I've been experimenting on creative writing tools with a bunch of writer friends, and the setup described in this paper is notoriously shit. I mean they come up to ChatGPT on v3.5 (or Bard lmao) and expect it to write comedy ? Jeez talk about setting yourself up for failure. That's like walking up to a junior screenwriter and yelling "GIVE ME A JOKE" to them. I don't understand why people keep repeating that mistake, they design experiments where they expect the model to be the source of creativity but that's just stupid.
If you want to get output that is not entirely mediocre, you need something like a Dramatron architecture where you decouple various task (fleshing out characters, outlining at the episode level, outlining at the scene level, writing dialogues etc...) and maintain internal memory of what is being worked on.
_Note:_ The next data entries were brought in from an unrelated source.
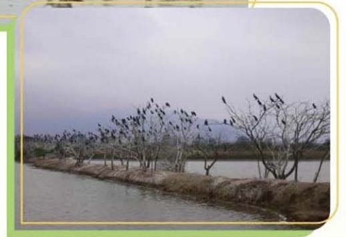
每年秋、冬季均有大量候鳥遷徙至香港越冬 Large amount of birds migrate to Hong Kong during Autumn and Winter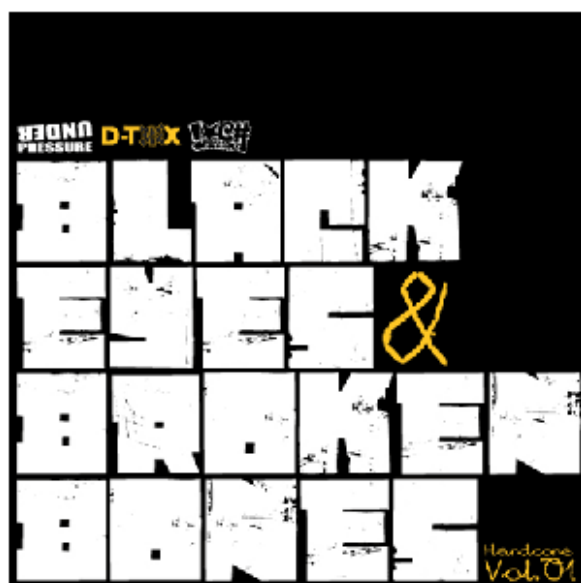
"Black Eyes and Broken Bones", Under Pressure Records, November 2006

tracking their new album. To the Lions were producing it themselves, which meant they were paying for it themselves too. It took the band four months of on and off recording to finish the album. Members were perfectionists but also had family lives, full time jobs and even house renovations to take care of, and this was a part-time band. The recording sessions had the band re-record every song from the demo except "Fallen", as they felt the song was too weak to keep, plus five new songs.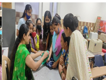
Beauty Culture Practical Classes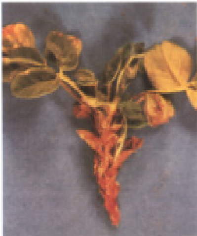
Figure 2. Alfalfa stem nematode symptoms on an alfalfa stem. Note the crinkled leaflet and swollen internodes.

to the OSU Plant Disease Diagnostic Laboratory. Avoid exposing bagged samples to excessive heat or cold so that the nematodes remain alive until the sample reaches the lab. Refer to OSU Extension Facts F-7610 for the correct way to collect and submit nematode samples.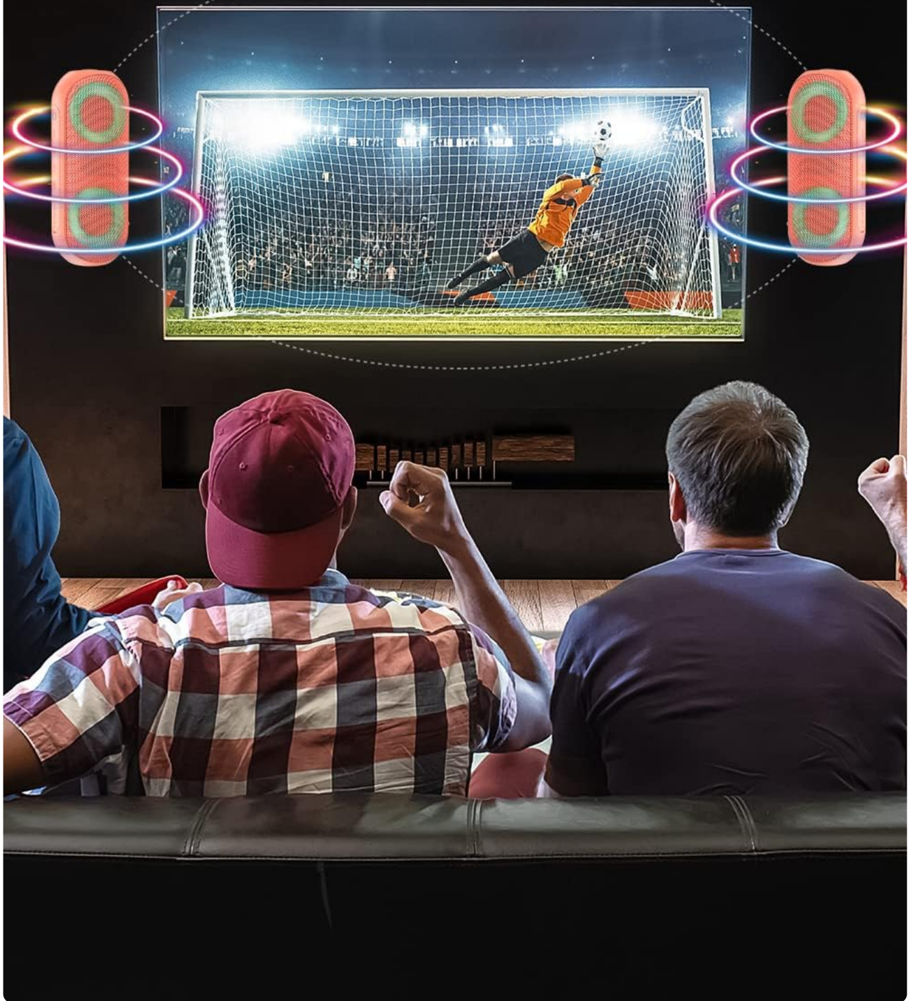
Image: Two NOTABRICK speakers are depicted wirelessly paired, creating a 360-degree immersive surround sound experience for two individuals watching a soccer game on a television, highlighting the TWS function.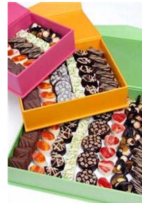
Chocolate boxes from the Four Seasons Nile Plaza are a treat.

The baskets are brilliantly personal and useful gifts, not to mention festively decorated. Perfect as a housewarming gift or to give to

It is non-trivial to setup but it gets there sometimes - even the authors of this paper recognize that this would have probably produced better results. You also need a user able to provide good ideas that the model can work with, you can't expect the good creative stuff to come from the robot.
Instinctively i'd say you have to treat the model like your own junior writer, and how do you make a junior writer useful ? By teaching them to "yes, and" in a writing room with better writers (in this case, the user). In that context, with a good experienced user at the helm, it can definitely bring value. Nothing groundbreaking but i can see how a refined version of this could help, notably with consistency, story beats, pacing, the boring stuff. GPTs are better critics than they are writers anyway.
That being said i never really pursued "pure comedy" on LLMs as it sounds like a lost battle. In my mind it's kind of like tickling : if a machine pokes your ribs you don't get the tickles, that only works when a human does it. I doubt they can fix that in the short or mid term.